Poisoning attack: a Denial of Service attack

Definition

[TD.T.6] A poisoning DoS attack is a type of adversarial attack where an attacker manipulates the training data of a machine learning (ML) model with the explicit goal of disrupting the system's availability. This involves injecting malicious data or altering existing data into the training set to degrade the model's performance and cause a denial of service.

Targeted assets

System Asset: machine learning training system.

Business Asset: training data.

Security Criteria: availability.

Attack details

Exploited vulnerabilities

Vulnerabilities:

  1. The training dataset is susceptible to unauthorized modifications.
  2. The public data that is utilized for training may contain malicious samples.

Threat agent

Threat agent: white-box and black-box scenarios. In the white-box scenario, the attacker is assumed to have complete knowledge of the target machine learning model, its architecture, parameters, utilized training data, and the learning algorithm. In a black-box scenario, the attacker has no knowledge of the target model's architecture, parameters, or training data. The attacker is assumed to be only able to interact with the model by sending it inputs and observing the outputs.

Attack methods

Attack methods:

  1. The attacker modifies the target dataset features and labels to maximize the loss function for targeted samples.

Impact and harm

Impact and harm: Negates the availability of the targeted machine learning model. This leads to misclassification of malicious input.

Security countermeasures

Security requirements

Security requirement: The machine learning system must be resistant to poisoning attacks.

Security controls

Security controls:

  1. Reject On Negative Impact (RONI) defense detect and discards samples within the training dataset that have a negative impact on the classifier's accuracy. This technique is computationally very expensive.

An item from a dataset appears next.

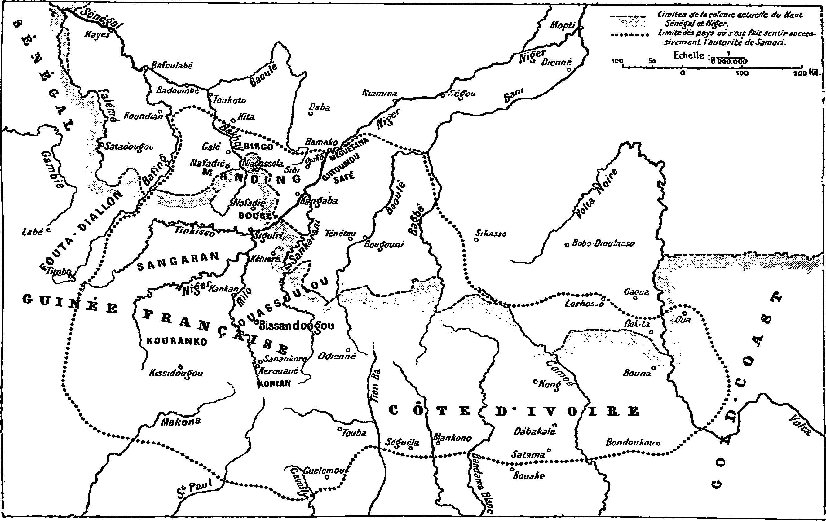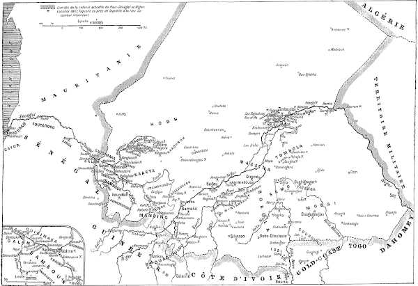 Le 1er mai 1898, le colonel Audéoud s’emparait de Sikasso sur Babemba, dans les circonstances que j’ai relatées plus haut (chapitre XIII) et, le 29 septembre de la même année, le sergent Bratières, qui faisait partie du détachement des capitaines Gouraud et Gaden, faisait prisonnier Samori près du haut Cavally : les deux principaux adversaires de notre expansion vers le Sud avaient disparu. D’autre part, des conventions passées avec l’Allemagne en 1897 et avec l’Angleterre en 1898[422] limitaient vers le Nord les zones d’extension du Togo et de la Gold-Coast.

The method may be susceptible to overfitting, reducing its performance, when operated on small training dataset, compared to the amount of features.
  2. Combine outlier detection with optimization techniques to correlate classifier predictions with labels. This method requires prior knowledge on the fraction of the poisoned samples.
  3. Utilize a small, curated, and verified subset of trusted data points to train outlier detectors for each class. This method requires curation of trusted data.
  4. Relabel potentially malicious data points based on their k-Nearest Neighbors in the feature space. This method is inefficient if malicious samples are close to genuine data.
  5. Setup an influence function that estimates the influence of each training sample on the model’s predictions.
  6. Detect and remove outliers, pre-filter the training dataset.